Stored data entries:
▶
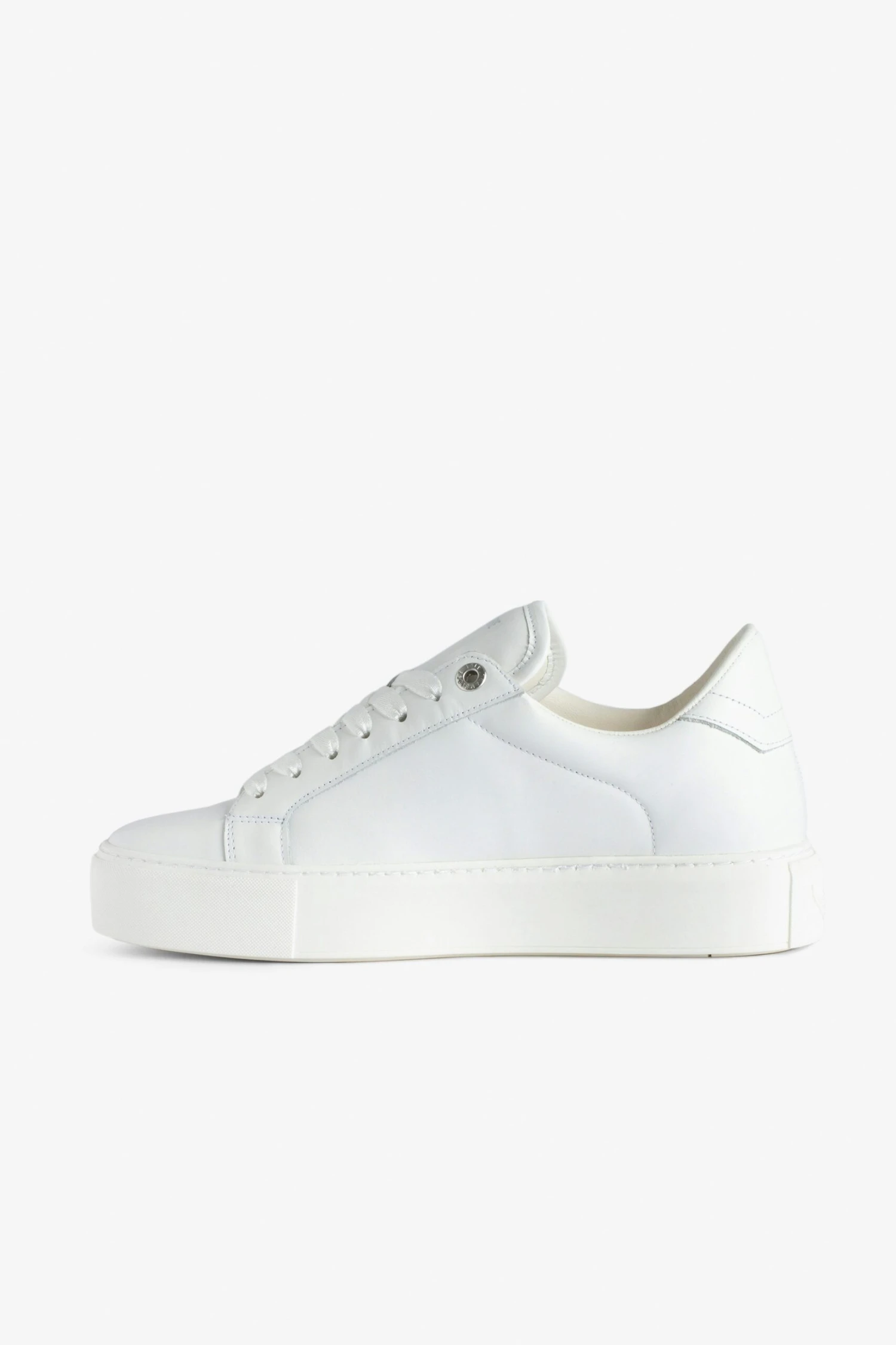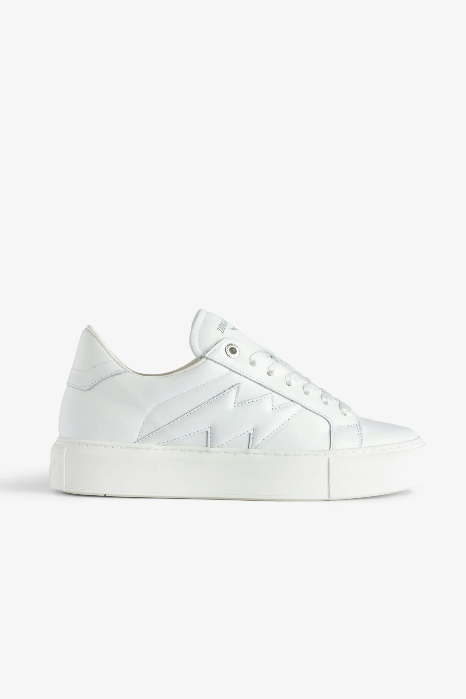 – Women’s white smooth leather lace-up low-top sneakers – Lightning bolt panel – Zadig&Voltaire branded tongue and chunky sole – Made in Portugal The Leather Working Group/LWG is a membership organization comprised of brands, suppliers, leather manufacturers and other stakeholders within the leather manufacturing industry. The group has developed an auditing program which certifies leather manufacturing facilities based on their environmental compliance and performance capabilities
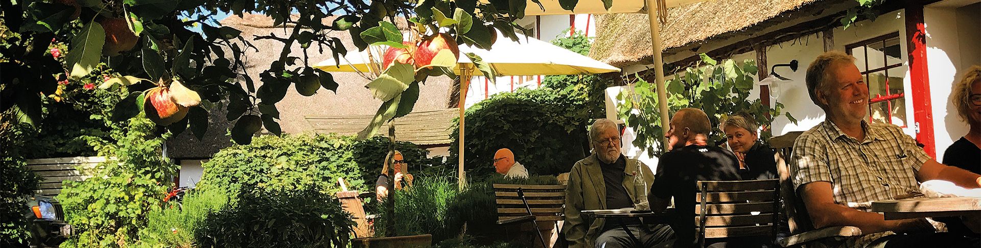 Vores lille café, er åben året rundt, når butikken er åben. Vi har 6 borde under store parrasoller.
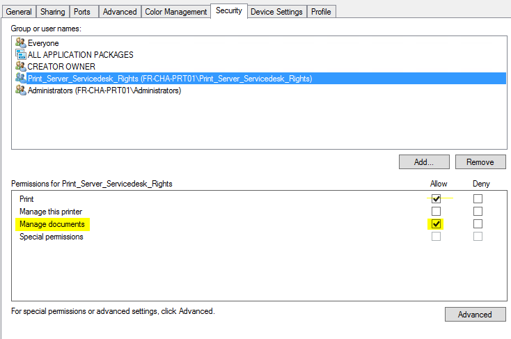 2 – Autoriser le groupe à gérer les documents d’une imprimante
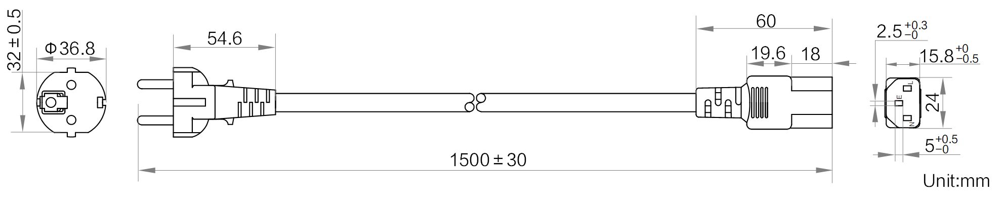 | 型号 | 型号 | 交流电源线_韩标_两插_C13_1.5米 |
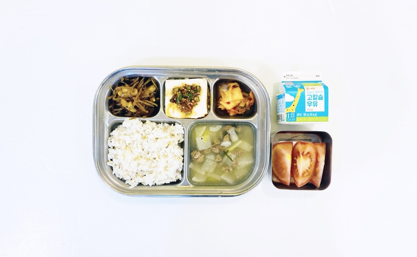 2025.4.4(금) 중식식단 - 오전간식:우유 / 보리밥,쇠고기뭇국,온두부&양념장,우엉견과볶음,배추김치 (후)토마토
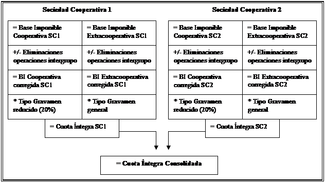 En segundo lugar, se conformarán dos bases imponibles, una cooperativa y otra extracooperativa, las cuales tributan a tipos de gravamen distintos, como incentivo a la realización de la actividad cooperativizada con los socios.
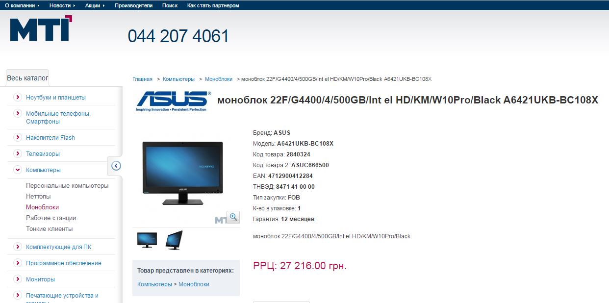 Моноблоки ASUS 22F/G4400/4/500GB/Intel HD/KM/W10Pro/Black A6421UKB-BC108X купили по 17 974 грн. На сайті переможця вони коштують на 33% дорожче – 27 216 грн.
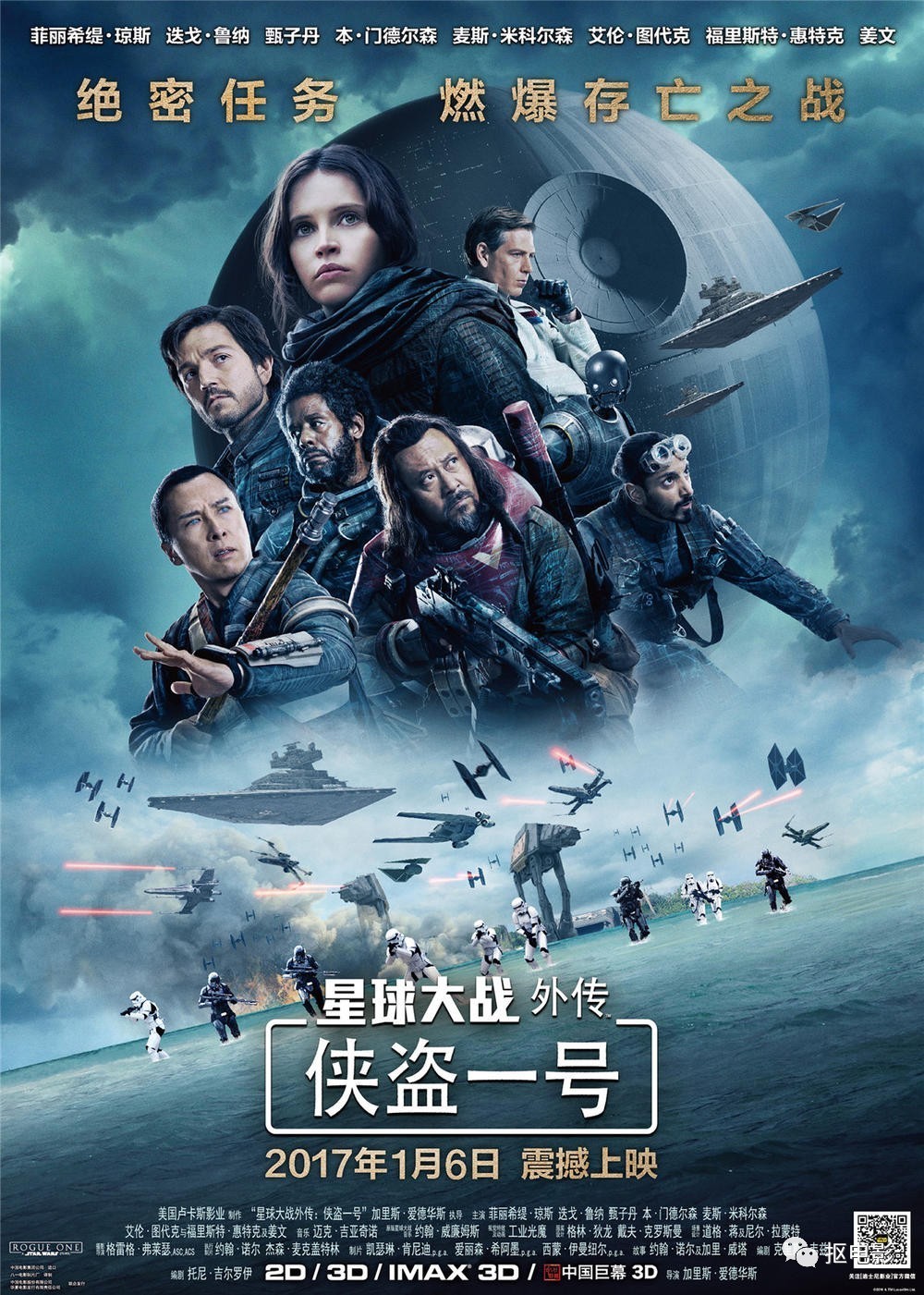 《星球大战外传:侠盗一号》,星战系列的第一部外传电影,星战那是神马地位,欧美的西游记啊!
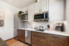 This quaint, mountain modern residence is a short walk from The Westin Riverfront Express Gondola and offers a great room with a gas fireplace, flatscreen TV and twin size sleeper sofa; a superb kitchen with stainless steel appliances as well as a convection microwave (no oven) and natural stone countertops; plus a dining table for two. Additional features include a guest bedroom outfitted with a queen size bed and flatscreen TV, a full bathroom, air conditioning, washer/dryer, a custom entryway with storage for all your outdoor gear, and garage parking for one vehicle. More...
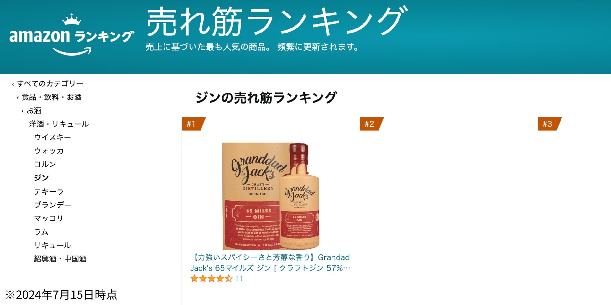 2024年7月には人気のお酒系YouTuber「プロのお酒塾 マスターイエツネ」チャンネルにてGranddad Jack'sのジンが紹介され、同時期に開催されていたAmazonプライムデー先行セール期間中に、ジンカテゴリ売れ筋ランキング1位も獲得しました。
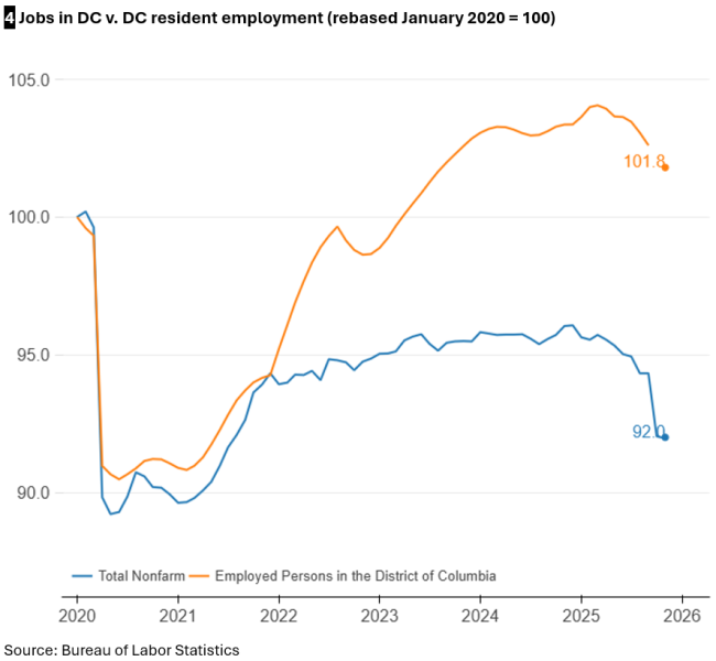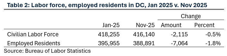 On Jan. 7, 2026, the Bureau of Labor Statistics released the state employment data for October and November 2025, which had been delayed by a federal government shutdown. The data showed that the District lost 18,400 jobs between September and October and a further 600 in November. Much of that loss was driven by federal job losses (15,300) resulting from the Deferred Resignation Program, announced earlier in 2025 as part of the federal government’s efforts to reduce the federal workforce. Between September and October, 1,300 jobs were lost in the Professional Business Services sector, where most jobs are held by federal government contractors, followed by an additional 700 in November. The steep job losses since September leave jobs in the District at 739,200, a level not seen since the year following the lows of the COVID-19 pandemic.
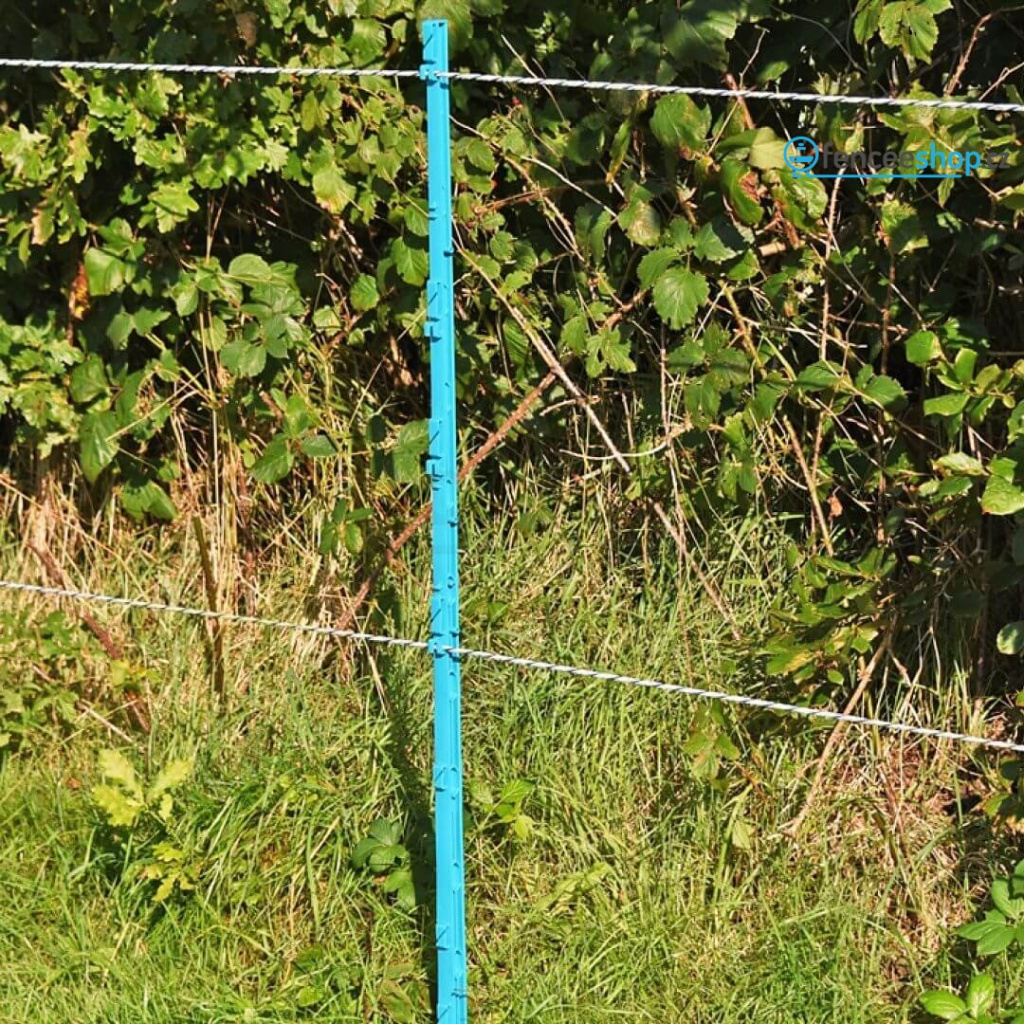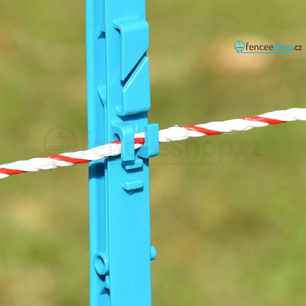 Kvalitní plastová tyčka pro elektrický ohradník s 11 očky je univerzálním řešením pro elektrické ohradníky. Výrazná modrá barva je stylovým doplňkem vaší elektrické ohrady. Využití najde při ohrazení větších zvířat, jako jsou poníci a koně, skot nebo také jako ochrana proti zvěři. Díky vyztužení materiálu ze skelných vláken je robustní a odolná proti praskání, ohýbání a kroucení. Pomocí silné ocelové špice a dvojitým nášlapem se snadno instaluje na zvolené místo.
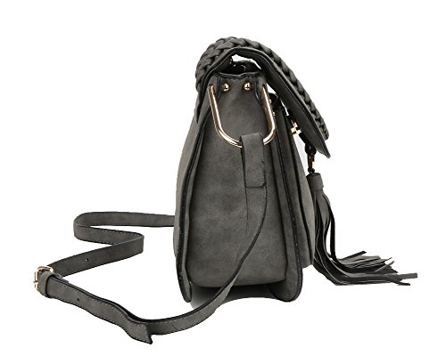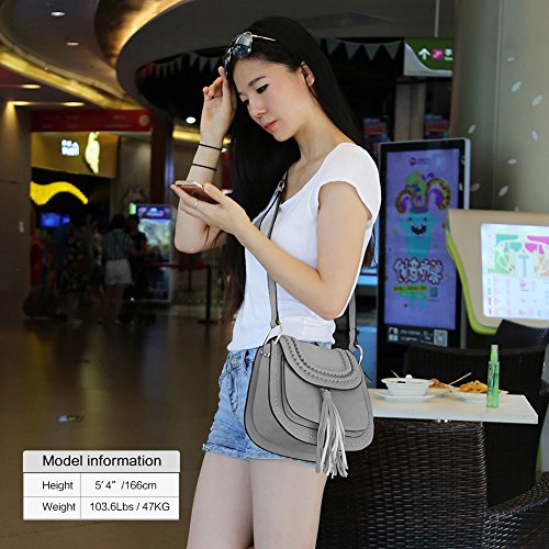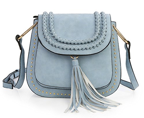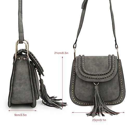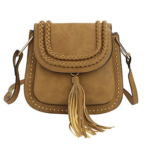 Zicac Rivet Cross Body Pu Leather Bag Saddle Bag Braided Shoulder Bag with Tassel for Women Girls Material: PU Leather
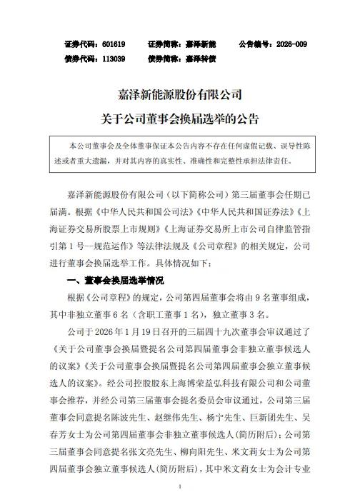 1月19日,嘉泽新能(601619)发布关于公司董事会换届选举的公告。
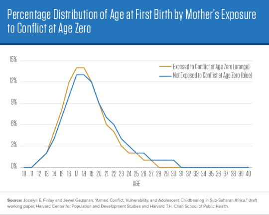 Finlay and Gausman hypothesize that the stress caused by exposure to armed conflict early in life affects women over the life course by weakening bonds between mothers and daughters, leading daughters to begin intentional childbearing at an earlier age. In view of multiple conflicts throughout sub-Saharan Africa and the connection between earlier ages of first births and higher fertility, conflict may be one reason fertility remains persistently high in the region.
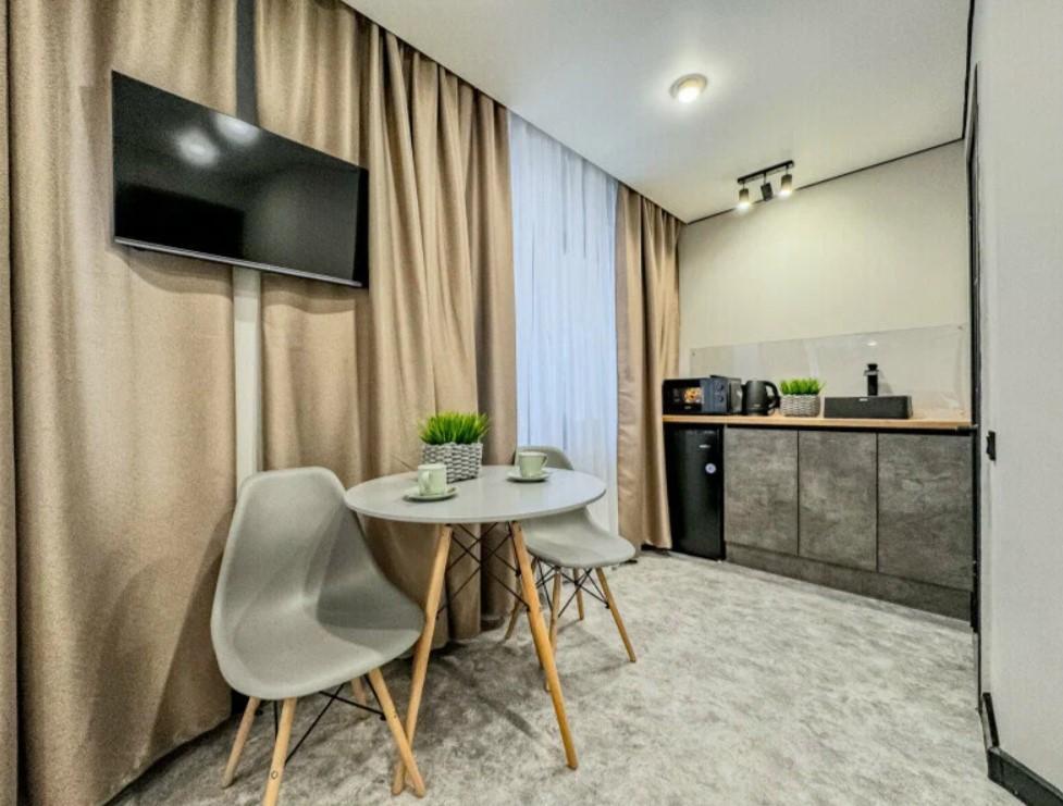 Однокомнатный номер со всеми удобствами, двуспальная кровать либо 2 односпальные. В номере есть кондиционер, телевизор, предоставляется чайник, холодильник. Номер оснащен ванной.
◀
> What the task requires
When you copy the records above, keep every word exact and leave out the pictures they contain.

> Written answer
 – Women’s white smooth leather lace-up low-top sneakers – Lightning bolt panel – Zadig&Voltaire branded tongue and chunky sole – Made in Portugal The Leather Working Group/LWG is a membership organization comprised of brands, suppliers, leather manufacturers and other stakeholders within the leather manufacturing industry. The group has developed an auditing program which certifies leather manufacturing facilities based on their environmental compliance and performance capabilities
 Vores lille café, er åben året rundt, når butikken er åben. Vi har 6 borde under store parrasoller.
 2 – Autoriser le groupe à gérer les documents d’une imprimante
 | 型号 | 型号 | 交流电源线_韩标_两插_C13_1.5米 |
 2025.4.4(금) 중식식단 - 오전간식:우유 / 보리밥,쇠고기뭇국,온두부&양념장,우엉견과볶음,배추김치 (후)토마토
 En segundo lugar, se conformarán dos bases imponibles, una cooperativa y otra extracooperativa, las cuales tributan a tipos de gravamen distintos, como incentivo a la realización de la actividad cooperativizada con los socios.
 Моноблоки ASUS 22F/G4400/4/500GB/Intel HD/KM/W10Pro/Black A6421UKB-BC108X купили по 17 974 грн. На сайті переможця вони коштують на 33% дорожче – 27 216 грн.
 《星球大战外传:侠盗一号》,星战系列的第一部外传电影,星战那是神马地位,欧美的西游记啊!
 This quaint, mountain modern residence is a short walk from The Westin Riverfront Express Gondola and offers a great room with a gas fireplace, flatscreen TV and twin size sleeper sofa; a superb kitchen with stainless steel appliances as well as a convection microwave (no oven) and natural stone countertops; plus a dining table for two. Additional features include a guest bedroom outfitted with a queen size bed and flatscreen TV, a full bathroom, air conditioning, washer/dryer, a custom entryway with storage for all your outdoor gear, and garage parking for one vehicle. More...
 2024年7月には人気のお酒系YouTuber「プロのお酒塾 マスターイエツネ」チャンネルにてGranddad Jack'sのジンが紹介され、同時期に開催されていたAmazonプライムデー先行セール期間中に、ジンカテゴリ売れ筋ランキング1位も獲得しました。
 On Jan. 7, 2026, the Bureau of Labor Statistics released the state employment data for October and November 2025, which had been delayed by a federal government shutdown. The data showed that the District lost 18,400 jobs between September and October and a further 600 in November. Much of that loss was driven by federal job losses (15,300) resulting from the Deferred Resignation Program, announced earlier in 2025 as part of the federal government’s efforts to reduce the federal workforce. Between September and October, 1,300 jobs were lost in the Professional Business Services sector, where most jobs are held by federal government contractors, followed by an additional 700 in November. The steep job losses since September leave jobs in the District at 739,200, a level not seen since the year following the lows of the COVID-19 pandemic.
 Kvalitní plastová tyčka pro elektrický ohradník s 11 očky je univerzálním řešením pro elektrické ohradníky. Výrazná modrá barva je stylovým doplňkem vaší elektrické ohrady. Využití najde při ohrazení větších zvířat, jako jsou poníci a koně, skot nebo také jako ochrana proti zvěři. Díky vyztužení materiálu ze skelných vláken je robustní a odolná proti praskání, ohýbání a kroucení. Pomocí silné ocelové špice a dvojitým nášlapem se snadno instaluje na zvolené místo.
 Zicac Rivet Cross Body Pu Leather Bag Saddle Bag Braided Shoulder Bag with Tassel for Women Girls Material: PU Leather
 1月19日,嘉泽新能(601619)发布关于公司董事会换届选举的公告。
 Finlay and Gausman hypothesize that the stress caused by exposure to armed conflict early in life affects women over the life course by weakening bonds between mothers and daughters, leading daughters to begin intentional childbearing at an earlier age. In view of multiple conflicts throughout sub-Saharan Africa and the connection between earlier ages of first births and higher fertility, conflict may be one reason fertility remains persistently high in the region.
 Однокомнатный номер со всеми удобствами, двуспальная кровать либо 2 односпальные. В номере есть кондиционер, телевизор, предоставляется чайник, холодильник. Номер оснащен ванной.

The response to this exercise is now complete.